• WHAT NEEDS TO BE DONE: Once the pictures are set aside, copy the records below exactly as they stand.
[[ INPUT DATA open ]]
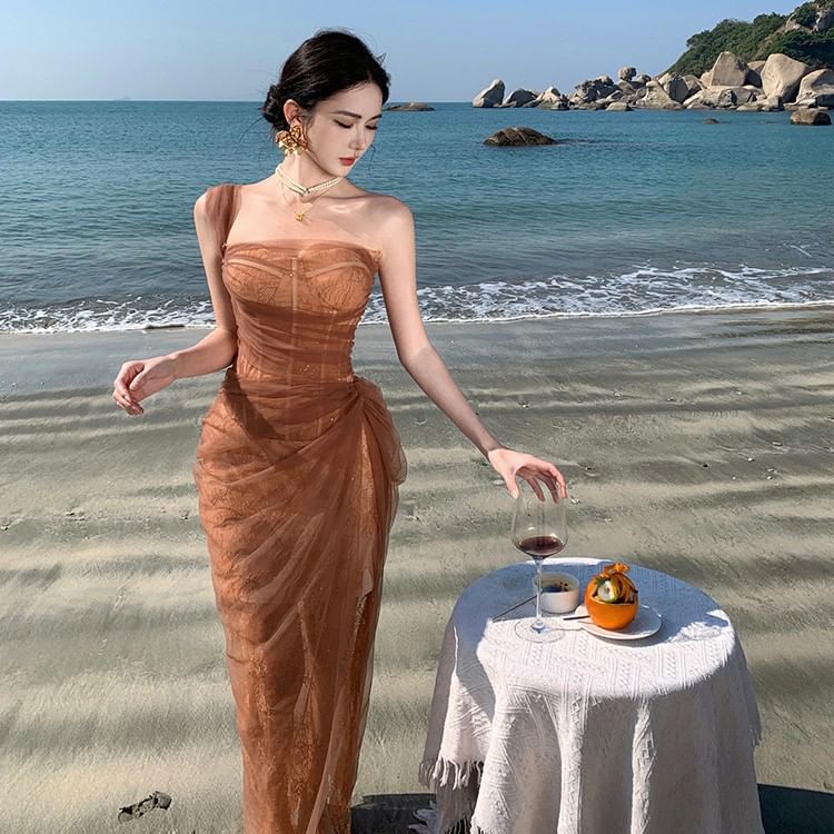 Sequin Evening Maxi Gown Sheer One Shoulder Sleeveless Ruffle
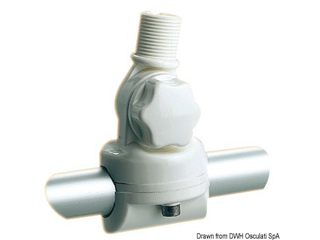 In nylon, con bloccaggio a pomello, per montaggio su tubi corrimano Ø mm 22/25. universale per antenne VHF/GPS.
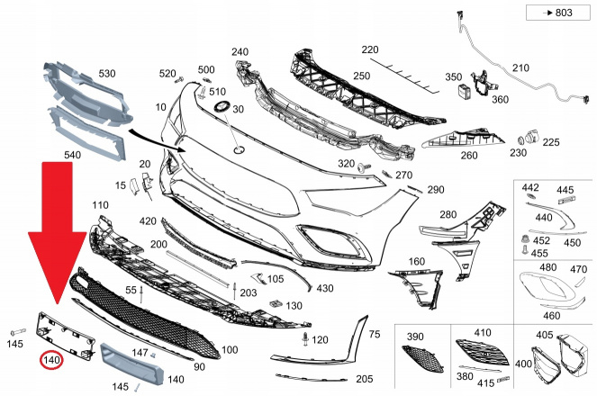 Lewy Ślizg zderzaka przód Mercedes W238
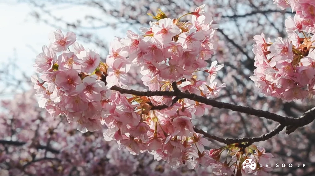 「河津櫻」是在日本自然環境中誕生的園藝櫻花品種,並非人工刻意培育,親本是大島櫻與寒緋櫻,因此同時具備花型柔和與花色濃郁的特徵。河津櫻近年逐漸在關東與關西地區被廣泛種植,開花時間早於染井吉野櫻,花朵整體綻放時間也比較長,因此很適合想避開賞櫻人潮,又希望看到盛開櫻景的遊客。
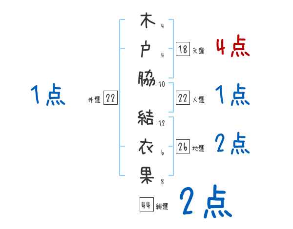 天運![]() | 木戸脇結衣果さんの天運は18画の4つ星!情熱的で剛気。忍耐力があり信頼される。 家系が持つ宿命的な運勢を表します。祖先から受け継いだ苗字ですので自分の力が及びません。家柄を象徴します。 |
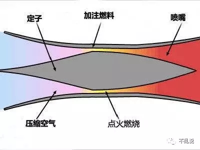 脉冲喷气发动机也是由纳粹德国在1944年发明的,被用于推进世界上第一种巡航导弹V-1。之所以被称为“脉冲”,是因为它产生的推力不是连续的。发动机主体就是一个圆筒,前部有一个“节气活门”,相当于空气单向阀,它使得空气只能从进气口向发动机内流动而不能流出发动机。首先给脉冲发动机一个速度,空气由于自己的惯性流入发动机;之后发动机圆筒内的油嘴喷射煤油,煤油被点燃,产生的燃气由于发动机前部“单向阀”的阻拦只能向后方逃逸,从喷口喷出产生推力;由于燃气的惯性,燃气在圆筒内气压已经与外界平衡之后仍会继续向后流动使得圆筒内暂时产生负压,“单向阀”被外界大气压顶开,新鲜空气再次流入发动机,开始下一工作循环。
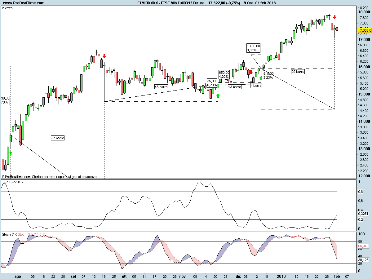Quest’oggi riportiamo anche il grafico dello Stocastico. Il motivo è il seguente. Un nostro cliente che ha acquistato TC2 si è lamentato in quanto non vede differenze rispetto ad indicatori classici quali lo Stocastico e che da’ molti fasi segnali.
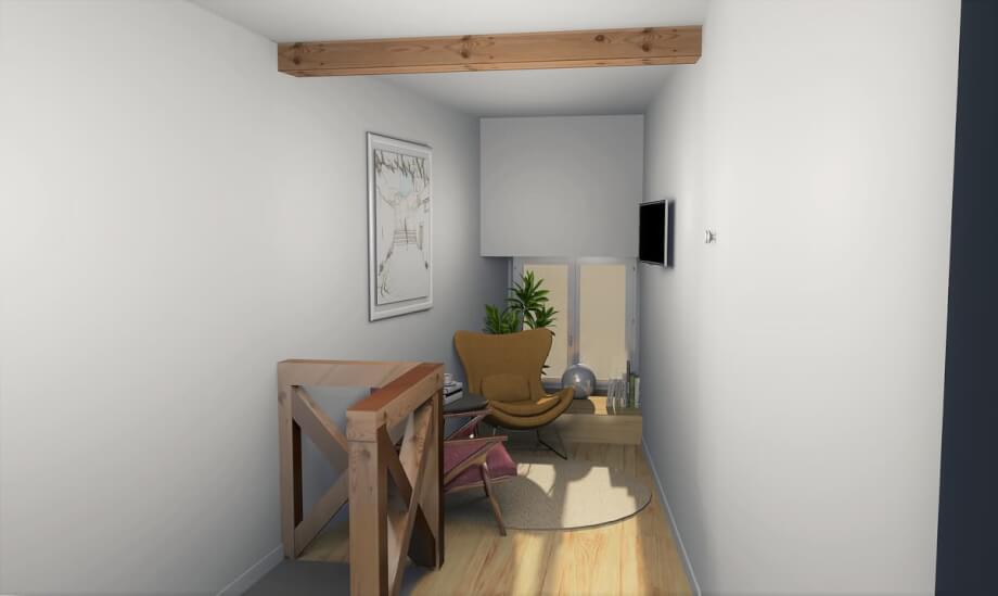 Upstairs is a spacious bedroom with built in storage units and a small living area.
[[ INPUT DATA closed ]]
• REPLY TO THE EXERCISE:
 Sequin Evening Maxi Gown Sheer One Shoulder Sleeveless Ruffle
 In nylon, con bloccaggio a pomello, per montaggio su tubi corrimano Ø mm 22/25. universale per antenne VHF/GPS.
 Lewy Ślizg zderzaka przód Mercedes W238
 「河津櫻」是在日本自然環境中誕生的園藝櫻花品種,並非人工刻意培育,親本是大島櫻與寒緋櫻,因此同時具備花型柔和與花色濃郁的特徵。河津櫻近年逐漸在關東與關西地區被廣泛種植,開花時間早於染井吉野櫻,花朵整體綻放時間也比較長,因此很適合想避開賞櫻人潮,又希望看到盛開櫻景的遊客。
 天運![]() | 木戸脇結衣果さんの天運は18画の4つ星!情熱的で剛気。忍耐力があり信頼される。 家系が持つ宿命的な運勢を表します。祖先から受け継いだ苗字ですので自分の力が及びません。家柄を象徴します。 |
 脉冲喷气发动机也是由纳粹德国在1944年发明的,被用于推进世界上第一种巡航导弹V-1。之所以被称为“脉冲”,是因为它产生的推力不是连续的。发动机主体就是一个圆筒,前部有一个“节气活门”,相当于空气单向阀,它使得空气只能从进气口向发动机内流动而不能流出发动机。首先给脉冲发动机一个速度,空气由于自己的惯性流入发动机;之后发动机圆筒内的油嘴喷射煤油,煤油被点燃,产生的燃气由于发动机前部“单向阀”的阻拦只能向后方逃逸,从喷口喷出产生推力;由于燃气的惯性,燃气在圆筒内气压已经与外界平衡之后仍会继续向后流动使得圆筒内暂时产生负压,“单向阀”被外界大气压顶开,新鲜空气再次流入发动机,开始下一工作循环。
Quest’oggi riportiamo anche il grafico dello Stocastico. Il motivo è il seguente. Un nostro cliente che ha acquistato TC2 si è lamentato in quanto non vede differenze rispetto ad indicatori classici quali lo Stocastico e che da’ molti fasi segnali.
 Upstairs is a spacious bedroom with built in storage units and a small living area.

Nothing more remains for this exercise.